# TASK MATERIAL:
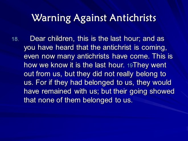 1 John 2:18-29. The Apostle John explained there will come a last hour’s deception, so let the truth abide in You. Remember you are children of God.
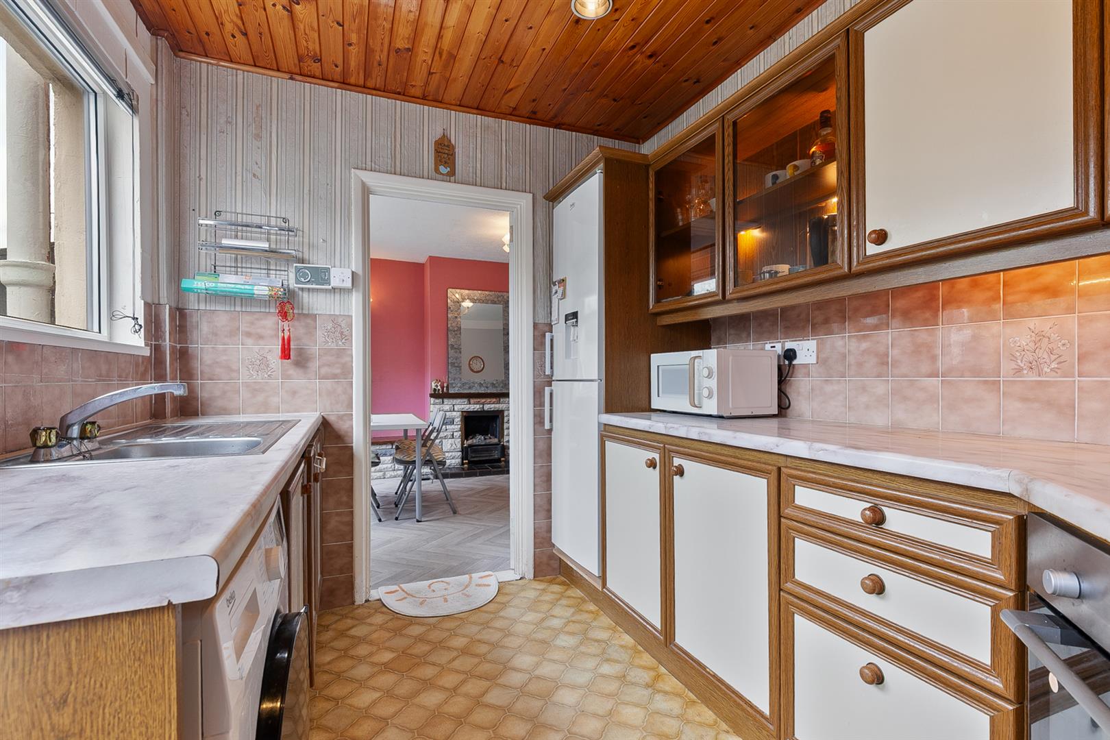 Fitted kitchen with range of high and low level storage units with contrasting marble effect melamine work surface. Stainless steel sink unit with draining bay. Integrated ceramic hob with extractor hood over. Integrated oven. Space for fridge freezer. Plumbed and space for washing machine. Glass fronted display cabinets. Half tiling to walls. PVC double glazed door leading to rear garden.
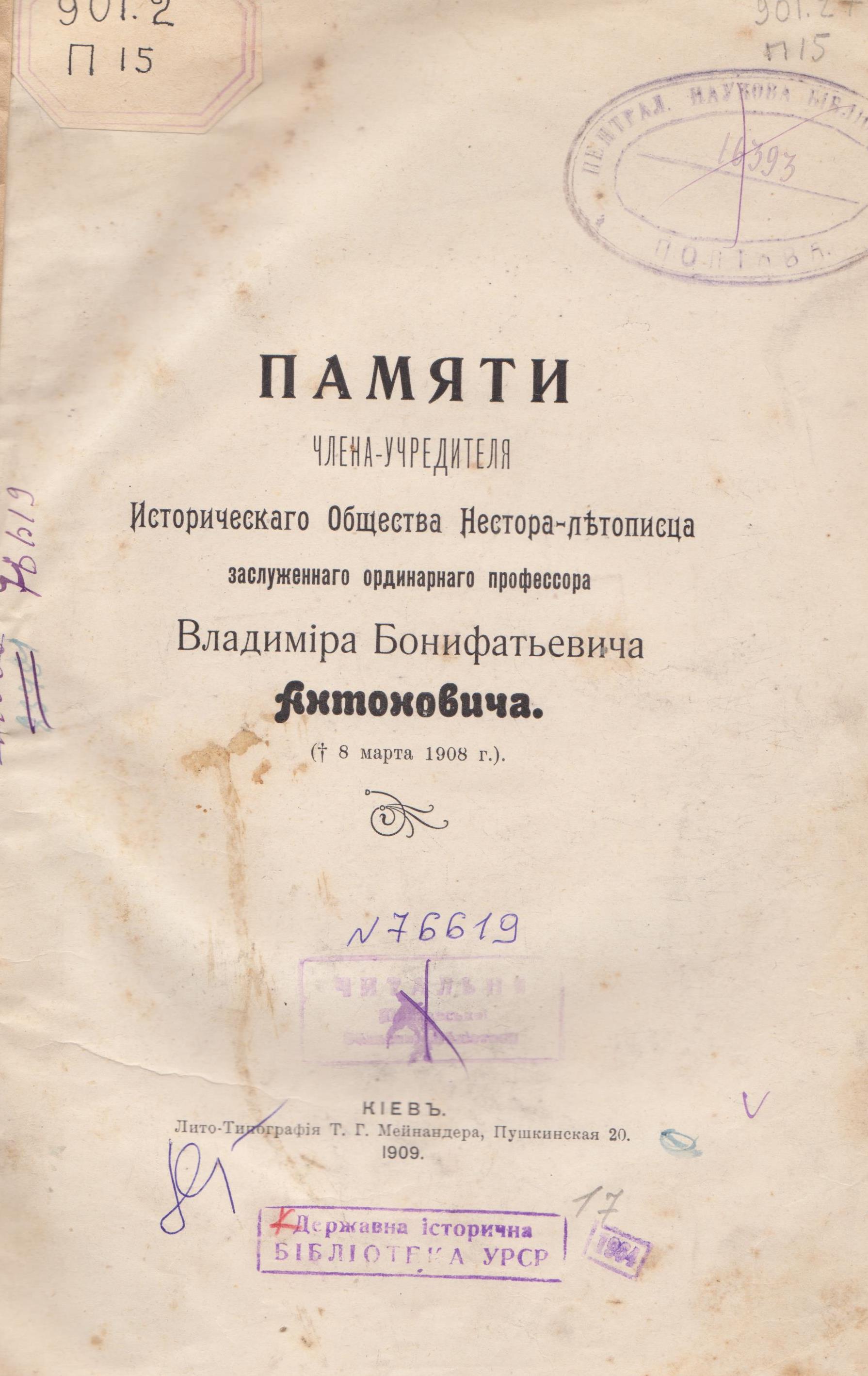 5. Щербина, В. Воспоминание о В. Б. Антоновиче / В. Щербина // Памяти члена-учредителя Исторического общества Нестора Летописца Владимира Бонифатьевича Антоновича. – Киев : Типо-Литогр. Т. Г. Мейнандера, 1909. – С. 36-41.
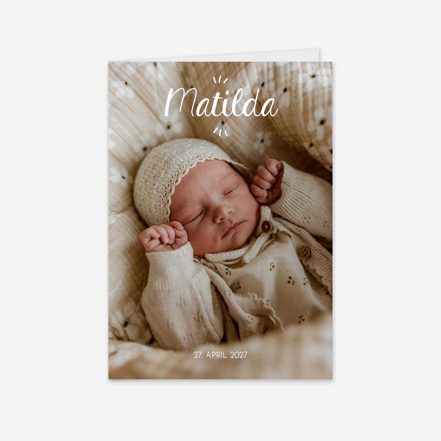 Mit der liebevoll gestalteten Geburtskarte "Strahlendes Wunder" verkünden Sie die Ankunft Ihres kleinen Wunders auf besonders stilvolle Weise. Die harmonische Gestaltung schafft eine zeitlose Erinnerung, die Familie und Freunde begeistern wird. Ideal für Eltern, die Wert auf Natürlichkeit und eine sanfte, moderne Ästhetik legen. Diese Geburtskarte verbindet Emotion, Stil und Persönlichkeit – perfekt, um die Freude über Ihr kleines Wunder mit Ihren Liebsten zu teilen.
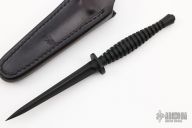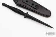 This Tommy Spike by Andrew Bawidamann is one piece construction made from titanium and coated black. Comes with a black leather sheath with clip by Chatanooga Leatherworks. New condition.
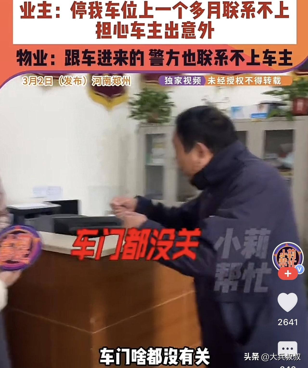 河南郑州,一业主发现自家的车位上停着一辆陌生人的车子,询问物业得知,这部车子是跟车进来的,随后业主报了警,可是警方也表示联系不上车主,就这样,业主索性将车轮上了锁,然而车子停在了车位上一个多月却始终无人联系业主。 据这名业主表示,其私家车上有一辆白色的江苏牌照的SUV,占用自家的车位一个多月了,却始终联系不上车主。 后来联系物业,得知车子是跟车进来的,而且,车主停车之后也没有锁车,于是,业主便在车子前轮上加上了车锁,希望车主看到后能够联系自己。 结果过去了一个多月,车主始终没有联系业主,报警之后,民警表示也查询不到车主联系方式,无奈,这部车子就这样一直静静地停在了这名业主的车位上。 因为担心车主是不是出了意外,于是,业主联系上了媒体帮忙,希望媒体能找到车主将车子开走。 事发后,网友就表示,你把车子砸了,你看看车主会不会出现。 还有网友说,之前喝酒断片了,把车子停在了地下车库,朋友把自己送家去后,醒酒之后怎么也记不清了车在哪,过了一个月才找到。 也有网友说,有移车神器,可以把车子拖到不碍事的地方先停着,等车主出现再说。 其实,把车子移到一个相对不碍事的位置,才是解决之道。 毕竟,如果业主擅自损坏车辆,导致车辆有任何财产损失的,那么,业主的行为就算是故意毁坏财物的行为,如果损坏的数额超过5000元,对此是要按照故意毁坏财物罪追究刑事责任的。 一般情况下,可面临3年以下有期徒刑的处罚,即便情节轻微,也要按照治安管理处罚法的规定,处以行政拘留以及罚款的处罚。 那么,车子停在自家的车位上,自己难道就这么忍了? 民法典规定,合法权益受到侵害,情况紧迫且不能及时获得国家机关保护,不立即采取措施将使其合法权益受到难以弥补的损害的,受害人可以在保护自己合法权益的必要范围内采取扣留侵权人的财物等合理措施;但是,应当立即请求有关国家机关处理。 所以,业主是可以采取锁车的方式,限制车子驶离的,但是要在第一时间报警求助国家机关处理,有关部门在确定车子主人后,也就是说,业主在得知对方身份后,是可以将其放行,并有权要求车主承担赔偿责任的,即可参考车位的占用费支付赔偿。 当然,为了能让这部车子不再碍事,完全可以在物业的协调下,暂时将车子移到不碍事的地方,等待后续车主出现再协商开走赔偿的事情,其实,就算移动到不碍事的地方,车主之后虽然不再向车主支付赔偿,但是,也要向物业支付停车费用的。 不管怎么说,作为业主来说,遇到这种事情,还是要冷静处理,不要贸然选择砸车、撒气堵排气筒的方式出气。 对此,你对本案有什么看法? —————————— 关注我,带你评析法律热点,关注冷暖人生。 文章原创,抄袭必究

# WORK INSTRUCTION:
None of the pictures should appear; copy the rest of the material above exactly.

# RESULT:
 1 John 2:18-29. The Apostle John explained there will come a last hour’s deception, so let the truth abide in You. Remember you are children of God.
 Fitted kitchen with range of high and low level storage units with contrasting marble effect melamine work surface. Stainless steel sink unit with draining bay. Integrated ceramic hob with extractor hood over. Integrated oven. Space for fridge freezer. Plumbed and space for washing machine. Glass fronted display cabinets. Half tiling to walls. PVC double glazed door leading to rear garden.
 5. Щербина, В. Воспоминание о В. Б. Антоновиче / В. Щербина // Памяти члена-учредителя Исторического общества Нестора Летописца Владимира Бонифатьевича Антоновича. – Киев : Типо-Литогр. Т. Г. Мейнандера, 1909. – С. 36-41.
 Mit der liebevoll gestalteten Geburtskarte "Strahlendes Wunder" verkünden Sie die Ankunft Ihres kleinen Wunders auf besonders stilvolle Weise. Die harmonische Gestaltung schafft eine zeitlose Erinnerung, die Familie und Freunde begeistern wird. Ideal für Eltern, die Wert auf Natürlichkeit und eine sanfte, moderne Ästhetik legen. Diese Geburtskarte verbindet Emotion, Stil und Persönlichkeit – perfekt, um die Freude über Ihr kleines Wunder mit Ihren Liebsten zu teilen.
 This Tommy Spike by Andrew Bawidamann is one piece construction made from titanium and coated black. Comes with a black leather sheath with clip by Chatanooga Leatherworks. New condition.
 河南郑州,一业主发现自家的车位上停着一辆陌生人的车子,询问物业得知,这部车子是跟车进来的,随后业主报了警,可是警方也表示联系不上车主,就这样,业主索性将车轮上了锁,然而车子停在了车位上一个多月却始终无人联系业主。 据这名业主表示,其私家车上有一辆白色的江苏牌照的SUV,占用自家的车位一个多月了,却始终联系不上车主。 后来联系物业,得知车子是跟车进来的,而且,车主停车之后也没有锁车,于是,业主便在车子前轮上加上了车锁,希望车主看到后能够联系自己。 结果过去了一个多月,车主始终没有联系业主,报警之后,民警表示也查询不到车主联系方式,无奈,这部车子就这样一直静静地停在了这名业主的车位上。 因为担心车主是不是出了意外,于是,业主联系上了媒体帮忙,希望媒体能找到车主将车子开走。 事发后,网友就表示,你把车子砸了,你看看车主会不会出现。 还有网友说,之前喝酒断片了,把车子停在了地下车库,朋友把自己送家去后,醒酒之后怎么也记不清了车在哪,过了一个月才找到。 也有网友说,有移车神器,可以把车子拖到不碍事的地方先停着,等车主出现再说。 其实,把车子移到一个相对不碍事的位置,才是解决之道。 毕竟,如果业主擅自损坏车辆,导致车辆有任何财产损失的,那么,业主的行为就算是故意毁坏财物的行为,如果损坏的数额超过5000元,对此是要按照故意毁坏财物罪追究刑事责任的。 一般情况下,可面临3年以下有期徒刑的处罚,即便情节轻微,也要按照治安管理处罚法的规定,处以行政拘留以及罚款的处罚。 那么,车子停在自家的车位上,自己难道就这么忍了? 民法典规定,合法权益受到侵害,情况紧迫且不能及时获得国家机关保护,不立即采取措施将使其合法权益受到难以弥补的损害的,受害人可以在保护自己合法权益的必要范围内采取扣留侵权人的财物等合理措施;但是,应当立即请求有关国家机关处理。 所以,业主是可以采取锁车的方式,限制车子驶离的,但是要在第一时间报警求助国家机关处理,有关部门在确定车子主人后,也就是说,业主在得知对方身份后,是可以将其放行,并有权要求车主承担赔偿责任的,即可参考车位的占用费支付赔偿。 当然,为了能让这部车子不再碍事,完全可以在物业的协调下,暂时将车子移到不碍事的地方,等待后续车主出现再协商开走赔偿的事情,其实,就算移动到不碍事的地方,车主之后虽然不再向车主支付赔偿,但是,也要向物业支付停车费用的。 不管怎么说,作为业主来说,遇到这种事情,还是要冷静处理,不要贸然选择砸车、撒气堵排气筒的方式出气。 对此,你对本案有什么看法? —————————— 关注我,带你评析法律热点,关注冷暖人生。 文章原创,抄袭必究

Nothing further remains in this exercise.